The decision on where to place the filters should be based on the needs and preferences of the users, as well as the overall design and layout of the dashboard. The goal is to make the filters easily accessible and intuitive to use, so users can quickly adjust them and get the insights they need. For detailed documentation on filtering, view the design specs.
Global filters
Global filters allow users to adjust the filters for all charts at once. They should appear at the top of the page.
Individual chart filters
Individual chart filters allow users to adjust the filters for a specific chart without affecting the others.

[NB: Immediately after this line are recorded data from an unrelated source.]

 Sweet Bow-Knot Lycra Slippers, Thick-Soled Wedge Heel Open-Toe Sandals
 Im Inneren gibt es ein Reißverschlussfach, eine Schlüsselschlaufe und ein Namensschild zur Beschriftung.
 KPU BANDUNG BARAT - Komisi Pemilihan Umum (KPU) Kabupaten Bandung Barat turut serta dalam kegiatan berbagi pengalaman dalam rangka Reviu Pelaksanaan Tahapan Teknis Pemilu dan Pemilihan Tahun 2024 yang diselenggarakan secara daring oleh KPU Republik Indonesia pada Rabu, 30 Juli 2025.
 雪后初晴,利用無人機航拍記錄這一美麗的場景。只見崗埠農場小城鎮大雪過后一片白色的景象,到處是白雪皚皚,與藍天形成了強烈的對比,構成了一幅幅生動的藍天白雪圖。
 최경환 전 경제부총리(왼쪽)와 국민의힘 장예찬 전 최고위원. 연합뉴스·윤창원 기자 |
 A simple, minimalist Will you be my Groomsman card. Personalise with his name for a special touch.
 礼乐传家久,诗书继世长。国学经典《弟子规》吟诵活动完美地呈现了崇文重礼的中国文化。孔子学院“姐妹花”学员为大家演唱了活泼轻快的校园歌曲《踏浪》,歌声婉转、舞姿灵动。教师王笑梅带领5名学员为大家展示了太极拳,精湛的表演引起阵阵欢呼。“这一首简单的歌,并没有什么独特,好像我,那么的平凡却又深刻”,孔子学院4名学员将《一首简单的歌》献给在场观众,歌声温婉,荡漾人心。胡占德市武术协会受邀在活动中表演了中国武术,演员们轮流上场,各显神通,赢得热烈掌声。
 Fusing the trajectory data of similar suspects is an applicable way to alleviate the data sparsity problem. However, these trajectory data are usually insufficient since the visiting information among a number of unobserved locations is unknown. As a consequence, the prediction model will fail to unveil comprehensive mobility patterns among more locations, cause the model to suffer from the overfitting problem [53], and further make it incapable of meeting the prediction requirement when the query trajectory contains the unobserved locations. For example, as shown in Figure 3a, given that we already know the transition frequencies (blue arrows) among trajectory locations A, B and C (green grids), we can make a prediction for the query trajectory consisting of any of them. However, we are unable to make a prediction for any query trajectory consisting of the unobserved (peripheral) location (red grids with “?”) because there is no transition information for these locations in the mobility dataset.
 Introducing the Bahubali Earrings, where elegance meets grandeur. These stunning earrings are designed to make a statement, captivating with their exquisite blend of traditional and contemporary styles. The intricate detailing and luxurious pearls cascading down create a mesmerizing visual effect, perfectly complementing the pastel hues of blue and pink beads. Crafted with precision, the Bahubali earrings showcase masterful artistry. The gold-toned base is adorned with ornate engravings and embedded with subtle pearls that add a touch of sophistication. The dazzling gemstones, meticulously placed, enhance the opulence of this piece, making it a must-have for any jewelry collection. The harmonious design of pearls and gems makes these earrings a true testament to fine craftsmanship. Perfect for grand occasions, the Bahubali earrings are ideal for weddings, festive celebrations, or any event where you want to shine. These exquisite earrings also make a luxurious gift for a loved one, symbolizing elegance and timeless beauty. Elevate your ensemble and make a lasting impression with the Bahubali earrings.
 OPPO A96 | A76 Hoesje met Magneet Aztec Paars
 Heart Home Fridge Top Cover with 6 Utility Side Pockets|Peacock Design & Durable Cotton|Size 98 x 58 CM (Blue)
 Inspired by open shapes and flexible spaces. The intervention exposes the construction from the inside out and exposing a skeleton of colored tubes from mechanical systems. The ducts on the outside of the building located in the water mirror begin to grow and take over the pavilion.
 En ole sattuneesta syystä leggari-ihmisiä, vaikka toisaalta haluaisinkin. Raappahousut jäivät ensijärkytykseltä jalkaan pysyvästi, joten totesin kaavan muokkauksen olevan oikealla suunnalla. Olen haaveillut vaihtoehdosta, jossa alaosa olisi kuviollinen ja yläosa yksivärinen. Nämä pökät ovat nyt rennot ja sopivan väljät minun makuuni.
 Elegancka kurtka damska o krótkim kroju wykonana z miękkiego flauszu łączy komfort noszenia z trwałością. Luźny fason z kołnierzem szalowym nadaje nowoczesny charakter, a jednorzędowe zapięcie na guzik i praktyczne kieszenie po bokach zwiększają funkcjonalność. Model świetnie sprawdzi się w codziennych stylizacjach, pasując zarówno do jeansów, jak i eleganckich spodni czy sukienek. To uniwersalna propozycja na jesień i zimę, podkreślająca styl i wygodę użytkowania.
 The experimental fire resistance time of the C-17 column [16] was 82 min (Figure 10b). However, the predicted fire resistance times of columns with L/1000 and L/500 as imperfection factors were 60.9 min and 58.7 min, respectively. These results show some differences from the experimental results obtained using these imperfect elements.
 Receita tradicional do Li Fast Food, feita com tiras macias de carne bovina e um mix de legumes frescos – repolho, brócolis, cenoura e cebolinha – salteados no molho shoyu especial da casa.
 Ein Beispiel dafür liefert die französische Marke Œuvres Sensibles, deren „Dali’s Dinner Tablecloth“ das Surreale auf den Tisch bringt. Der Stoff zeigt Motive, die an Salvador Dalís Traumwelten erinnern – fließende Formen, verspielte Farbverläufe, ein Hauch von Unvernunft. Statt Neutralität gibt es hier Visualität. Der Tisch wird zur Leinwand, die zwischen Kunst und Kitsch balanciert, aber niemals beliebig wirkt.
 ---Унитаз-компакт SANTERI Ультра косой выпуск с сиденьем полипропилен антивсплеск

Color for data visualizations
The color palettes for data visualizations are based on accessibility guidelines to ensure that all users, including those with color blindness or visual impairments, can perceive the presented information. Appropriate use of color for data visualization allows interrelationships and patterns within data to be easily observed.
When choosing a color palette, consider your data set and what you want to convey about the data.
Qualitative color palette
A qualitative palette is used when the variable is categorical in nature. Examples include country or state, race, and gender. Each possible value of the variable is assigned one color from a qualitative palette.
Sequential color palette
A sequential color palette is used when the variable is numeric or ordered values. Colors are assigned to data values in a continuum, usually based on lightness, hue, or both.
Binary color palette
A binary color palette is used when the variable is a comparison of two categories. A common use case is to show hierarchy. The primary difference between the two categories of a binary scheme may be lightness.
Qualitative color palette
A qualitative palette is used when the variable is categorical in nature. Examples include country or state, race, and gender. Each possible value of the variable is assigned one color from a qualitative palette.
The colors of this palette should be applied in sequence strictly as described below. The sequence is carefully curated to maximize contrast between neighboring colors to help with visual differentiation.
To ensure accessibility, line charts should utilize darker shades of color. The colors of this palette should be applied in sequence strictly as described below. The sequence is carefully curated to maximize contrast between neighboring colors to help with visual differentiation.
Sequential color palette
A sequential color palette is used when the variable is numeric or ordered values. Colors are assigned to data values in a continuum, usually based on lightness, hue, or both.
The most prominent dimension of color for a sequential palette is its lightness. Typically, lower values are associated with lighter colors, and higher values with darker colors.
Binary color palette
A binary color palette shows differences that are divided into only two categories. The primary difference between the two categories of a binary scheme may be a lightness.
A common use case for a binary color palette is to convey hierarchy. The contrast puts emphasis on an area of focus, when it is used sparingly.
Responsiveness
Ensuring data visualizations are responsive is crucial for providing a seamless user experience across various devices and screen sizes. Responsive design allows data to be easily accessible and comprehensible, regardless of the user's device. Fluid layouts enable dashboards to adapt to different screen sizes. Elements should resize and reposition dynamically to optimize space.
Consider using a more mobile-friendly data visualization format when designing for responsiveness. For example, consider presenting data in a horizontal bar chart rather than a line chart. It’s essentially the same graphic, only the axes are flipped. It still tells the same story, just in a more mobile-friendly vertical format.
Instead of a line chart, the mobile view presents users with a horizontal bar chart. It’s essentially the same graphic from the desktop, only the axes are flipped. It still tells visitors the same story, just in a more mobile-friendly vertical format.
Alternate considerations
- Use a
table
when multiple metrics and categories need to be presented together, and an accurate lookup of the data values is more important than showing patterns in the data.